Irish broadcaster and journalist

Mark McFadden (born 1965, Derry, Northern Ireland) is a former broadcaster and journalist with ITV News. He was based in Northern Ireland where he fronted broadcasts for UTV.

For three decades he was the North West correspondent for UTV Live, the flagship early evening news programme on the ITV regional channel.

==Early life==
McFadden was born in Derry in 1965. He is a former pupil of St. Columb's College – a school that boasts Nobel prize-winners Seamus Heaney and John Hume among its alumni. After St. Columb's he studied English and French at Queen's University, Belfast.

==Journalism career==
His career in journalism began in 1988 with the Derry Journal, the second oldest English-language newspaper in the world.

During six years at the Journal he worked in news, features and sports. He also contributed news and sports reports to London broadsheet newspapers The Guardian and The Daily Telegraph.

==Broadcasting career==
In April 1994, McFadden joined the UTV Live team becoming the face of UTV in the North West of Ulster. He worked mainly on hard news reports – covering politics, serious crime, terrorism, the economy, etc. However, he also produces a wide range of material for the sports and features departments.

McFadden was UTV's correspondent throughout the entire course of the Bloody Sunday Inquiry. This Tribunal of Inquiry was chaired by Lord Saville of Newdigate, and it sat at the Guildhall in Derry and Methodist Central Hall in London. It was the longest and most expensive Inquiry in UK legal history. McFadden was the only television journalist to cover the Bloody Sunday Inquiry from its inception in 1998 to its conclusion in June 2010 when Lord Saville's final report was published.
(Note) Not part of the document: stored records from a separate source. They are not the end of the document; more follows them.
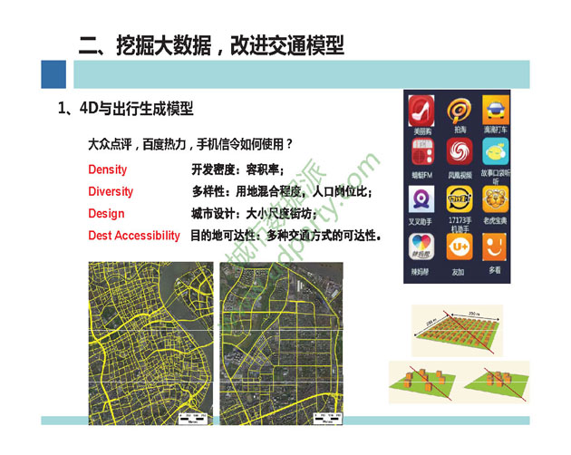 4D模型中,开发密度主要指容积率,用地多样性表现出人口和就业岗位的混合程度,城市设计主要体现在路网形态,例如街区大小和交叉口间距。用地多样性和路网密度直接影响人员活动热度和步行交通方式选择。上述3D因素可以通过传统数据进行计算。目的地可达性指标具有不同的计算方式,包括基于一定时间内覆盖的城市活动要素绝对值,或基于效用理论计算方法等。其核心要素是城市活动要素的度量,即一定时间可达范围内的各种公共设施、人员活动集聚情况等要素的综合度量,过去往往以人口和就业岗位的综合计算来确定。在大数据环境下,各种兴趣点(Point of Interest, POI)数据、百度人流热力图、大众点评网数据、房价网数据等,为城市活动要素的度量增加新的数据源。因此,4D模型中引入大数据分析是可行的。
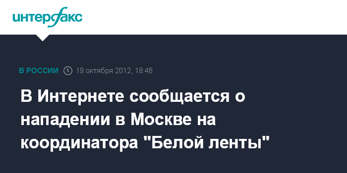 Москва. 19 октября. INTERFAX.RU - Гражданские активисты сообщают в Интернете, что на координатора движения "Белая лента" совершено нападение в центре Москвы.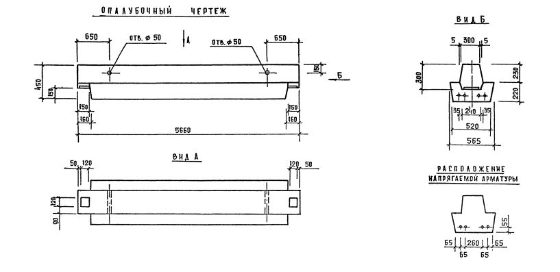РДП 4.57  Ригели (оснащённые одинаковыми с двух сторон полками, для опоры перекрытия с обеих сторон) Серия 1.020.1-7.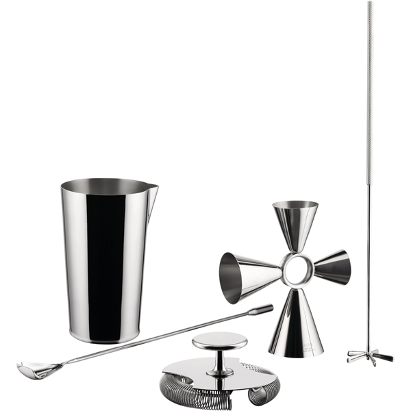 Set bestehend aus: Mixerglas, "Quadri Combo Jigger", Doppelsieb, Mixlöffel und "Baton Lélé" Rührer aus 18/10 Edelstahl.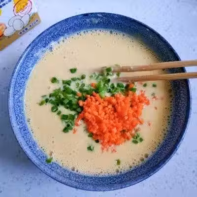 4、放入蔥花和胡蘿蔔丁,繼續攪拌均勻。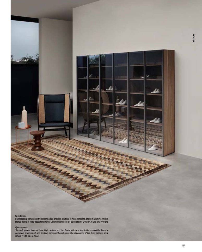 L’armadiatura comprende tre colonne a due ante con struttura in Noce canaletto, profili in alluminio finitura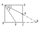 分析:延长AQ交BC的延长线于E,根据四边形ABCD是正方形,得到AD=CD,AD∥BE.再求出△ADQ与△ECQ关于点Q成中心对称,则有AD=CE,∠1=∠E.所以∠2=∠E即∠1=∠2,即可证明AQ平分∠DAP.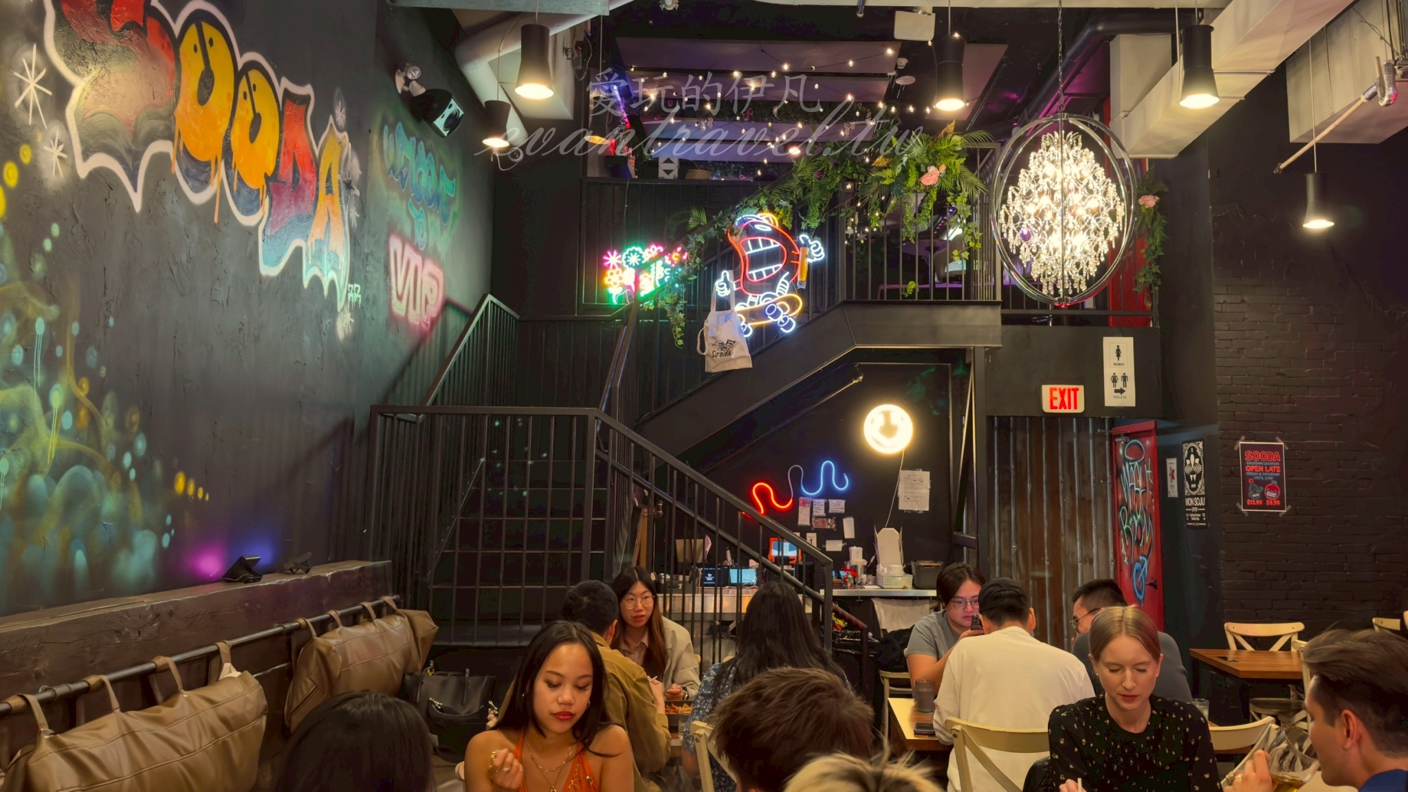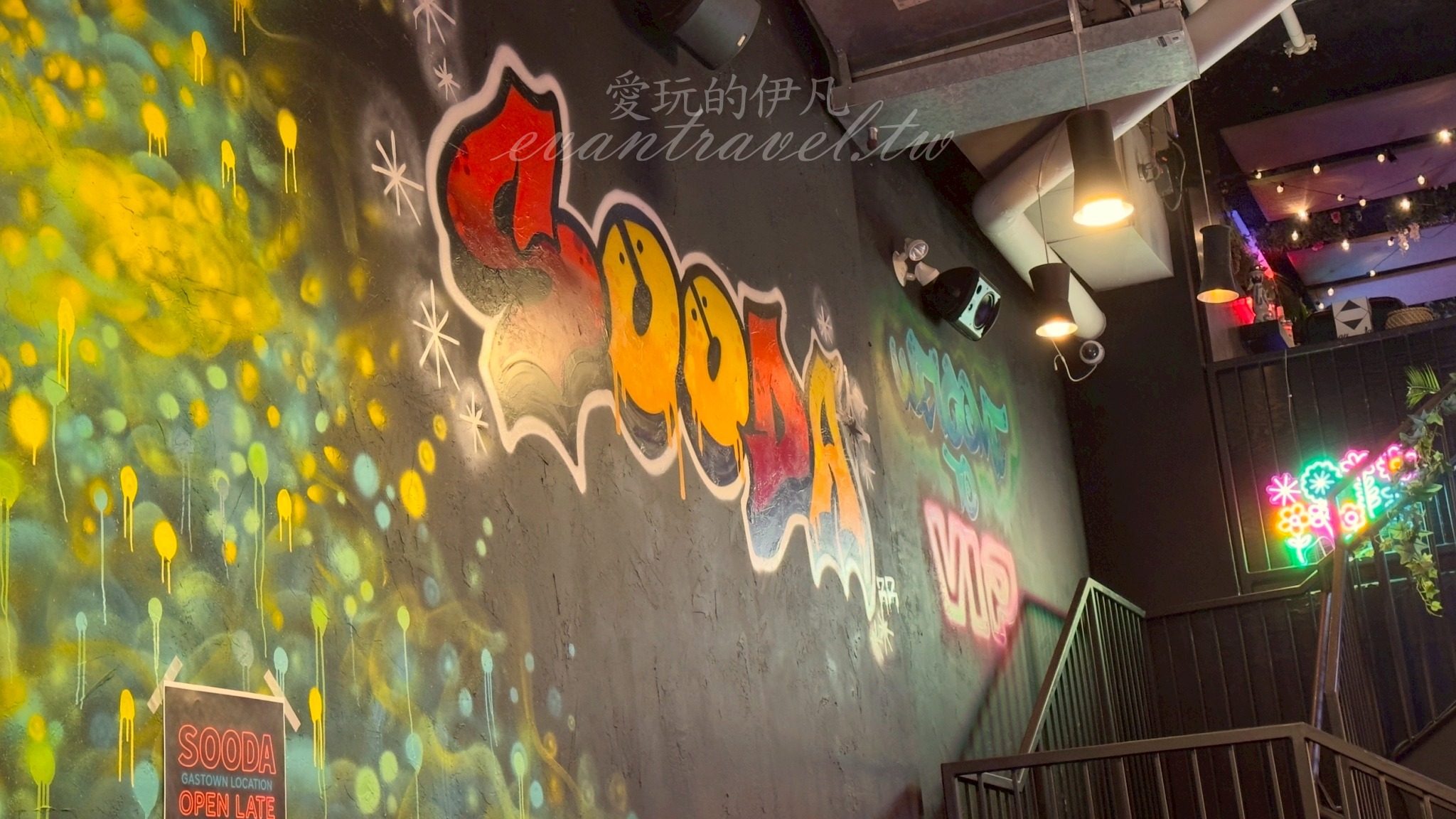 Sooda 坐落在具有歷史韻味的 Gastown 一角,採用富烈街頭藝術風格的裝潢,融合霓虹燈、漫畫拼貼牆面與開放式吧台。

In April 2011 he was one of UTV's analysts for Queen Elizabeth II's historic state visit to the Republic of Ireland, broadcasting from Dublin Castle and Croke Park. McFadden has also presented 12 series of "Rare Breed" for UTV, examining the multi-billion pound agriculture industry in Ireland. The programme has been picked up by international broadcasters including Netflix.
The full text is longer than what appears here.